Many philanthropic foundations began donating heavily to the remaining medical institutions which followed a program of research-oriented, academic medicine exemplified by the Johns Hopkins University. The AMA's support of medical education reform combined with the flow of capital to these institutions made them dominate the profession. By the 1920s, this shift in the American medical establishment focused resources on the basic science aspects of medicine such as physiology, cell biology, and anatomy. Expanded research facilities and full-time clinical research positions existed at nearly all medical schools. Patient care was no longer the primary focus of a medical education. Young doctors were trained to be both scientists and care givers.
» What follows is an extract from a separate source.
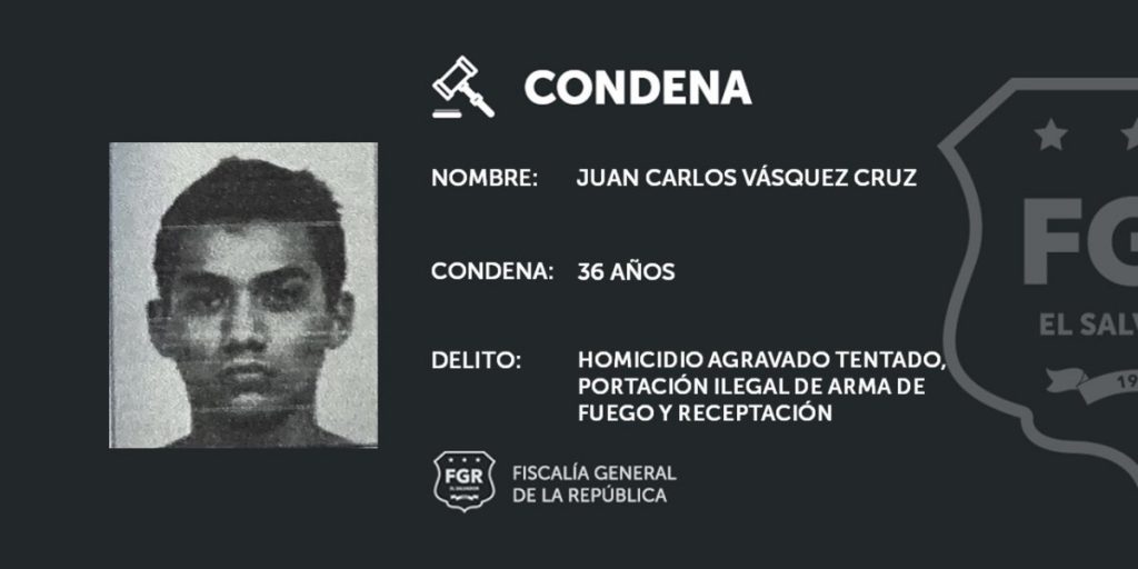 Vásquez Cruz fue declarado culpable por los delitos de Homicidio Agravado Imperfecto o Tentado, por lo que se le impuso 25 años de cárcel; otros 6 años por Receptación y 5 por la Tenencia y Portación Ilegal del Arma de Fuego.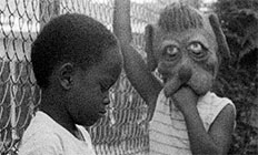between the bare-chested but strangely alienated San (Henry G. Sanders) and his

Scientific research received a new prestige which had not been seen before in American medicine which transformed the climate in which physicians practiced.34

The impact of the changes in medicine led to increased professional authority. The rise of income and status of physicians in this period was linked not only to medicine's reorganization but to the widespread cultural acceptance of this privileged role of the doctor. Paul Starr sees these changes as resulting from the, "widespread support, which they received because of complex changes overtaking the entire society, physicians were able to see social interests defined so as to conform with their own. This was the essence of their achievement."35 The medical establishment positioned itself to have a near monopoly on matters of health in America.